Relationship of Patent Ductus Arteriosus Size to Echocardiographic Markers of Shunt Volume.

Author information

1
Division of Neonatology and Department of Pediatrics, University of Toronto, Toronto, Ontario, Canada; Neonatology Department, Fernandes Figueira Institute, Rio de Janeiro, Brazil. Electronic address: fermartins1964@gmail.com.
2
Neonatology Department, Hospital Infantil de México Federico Gómez, Ciudad de México, Mexico.
3
Division of Neonatology and Department of Pediatrics, University of Toronto, Toronto, Ontario, Canada.
4
Division of Neonatology and Department of Pediatrics, University of Toronto, Toronto, Ontario, Canada; Sunnybrook Health Sciences Centre, Toronto, Ontario, Canada.
5
Department of Neonatology, Mount Sinai Hospital, New York, NY.
6
Neonatology Department, Fernandes Figueira Institute, Rio de Janeiro, Brazil.
7
Division of Neonatology and Department of Pediatrics, University of Toronto, Toronto, Ontario, Canada; Physiology and Experimental Medicine Program, The Hospital for Sick Children, Toronto, Ontario, Canada; Department of Physiology, University of Toronto, Toronto, Ontario, Canada.

Abstract

OBJECTIVE:

To define the technique of estimating ductal diameter (DD) that best correlates with echocardiographic markers of transductal shunt volume in preterm infants >7 days old with persistent patent ductus arteriosus (PDA).

STUDY DESIGN:

We conducted a retrospective study of 104 neonates born at <30 weeks gestation that had targeted neonatal echocardiography evaluation of PDA performed between 7 and 30 days.

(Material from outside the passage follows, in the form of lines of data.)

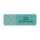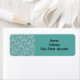 Ces étiquettes d'adresse de retour ont un design art déco de carrés divisés en deux par des lignes diagonales d'argent. Les carrés sont ensuite assemblés sur un champ de turquoise.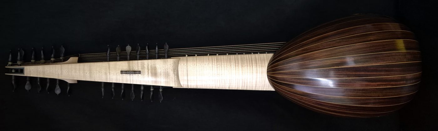 Laúd en G de 58cm de longitud vibrante. Fabricado por Adrian Dodd y Lawrence Dodd (2023) basado en el retablo de Masaccio, c. 1426. Construido para ser tocado con púa o con los dedos. El cuerpo y el mástil son de sicomoro ondulado y tiene características medievales inusuales, incluyendo dos rosas, un puente invertido, un [...]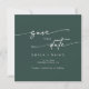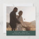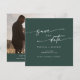 Esta foto do boho chic emerald green quadrado, salve o cartão de data é perfeito para um casamento minimalista. O design verde boêmico moderno da floresta de caçadores de escuros e modernos apresenta uma caligrafia rústica simples com um estilo único, porém clássico. Personalize sua data de salvamento com seus nomes, data do casamento, local, foto do noivado e endereço do site do casamento.

We used univariate analysis to determine the association of echocardiographic markers of shunt volume with ductal size definitions: DD, DD indexed to weight, and DD indexed to left pulmonary artery diameter.

RESULTS:

Two hundred echocardiograms were reviewed from 104 patients with a median gestational age of 25.4 weeks (range, 25-26.3 weeks) and a median birth weight of 810 g (range, 740-920 g). We found a weak correlation of each method of PDA size definition with individual echocardiographic markers of transductal shunt volume, of which nonindexed DD demonstrated the best correlation. The best correlation was found with markers of systemic hypoperfusion, such as diastolic flow reversal in the descending aorta (R2 = 0.24) and celiac artery (R2 = 0.21). Markers of pulmonary overcirculation, such as left ventricular end-diastolic diameter (R2 = 0.19) and left ventricular output (R2 = 0.17), showed fair correlation with nonindexed DD.

CONCLUSION:

In preterm infants >7 days old with PDA, nonindexed DD demonstrated weak correlations with individual echocardiographic markers of shunt volume. These data highlight the need for comprehensive echocardiographic evaluation in addition to diameter measurements to provide a better understanding of the hemodynamic consequences of PDA.

KEYWORDS:

hemodynamic significance; preterm; target neonatal echocardiography

PMID:
30115452
DOI:
10.1016/j.jpeds.2018.06.045
[Indexed for MEDLINE]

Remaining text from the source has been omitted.